Some of the bigger schools have added extra sets of eyes too, from the top of the stadium to the sidelines to analyze and relay opponents’ schemes and weaknesses.

Usually all of that information is funneled into the command center, or head coach, who makes the final decisions.

But there are still some coaches who are “old school” and Mountain Pointe’s Norris Vaughan is one of them.

He is one of the rare head coaches who doesn’t have a set of plastic ear muffs and microphone over his head during a high school football game.

“I wore them for a while and didn’t like it,” Vaughan said. “I ended up breaking most of them and decided to quit doing it.”

Instead, Vaughan relies on an informational chain of command.

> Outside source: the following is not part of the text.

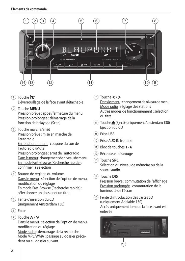 AMSTERDAM 130 - Autoradio BLAUPUNKT - Notice d'utilisation et mode d'emploi gratuit
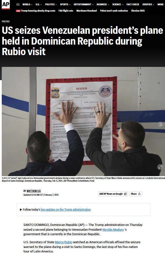 - “US seizes Venezuelan president’s plane held in Dominican Republic during Rubio visit” – AP News. AP News: US seizes Venezuelan president’s plane held in Dominican Republic during Rubio visit

“We have a system,” he added. “People have certain jobs to do and I can’t have a bunch of people in my ear. All I need and want are two or three items of information on every play.”

Usually his “Radar O’Reilly” is running back and special teams coach Eric Lauer.

Vaughan said he also found it can be disrupting to wear headphones during a game.

“Sometimes people on the phone are excited and giving me information I don’t want,” Vaughan explained, “and it becomes distracting.”

In tense situations, veteran fighter pilots have been known to shut down a lot of the sophisticated onboard telemetry and just go on instinct and experience.

Sometimes Vaughan feels like he’s in that cockpit, too.

“I need pertinent information, not added information,” he explained. “If you’re talking to someone directly they give it to you, and whether you want to or not, you still process it. I decided not to do that.”

Flying by the “seat of his pants” like a veteran aviator, Vaughan and his coaching staff have turned the Pride around from a 2-8 team last season to a 10-0 contender, East Valley Region champions and into a first round playoff game against Mesa Westwood tonight, Nov. 13, at Karl Kiefer Stadium.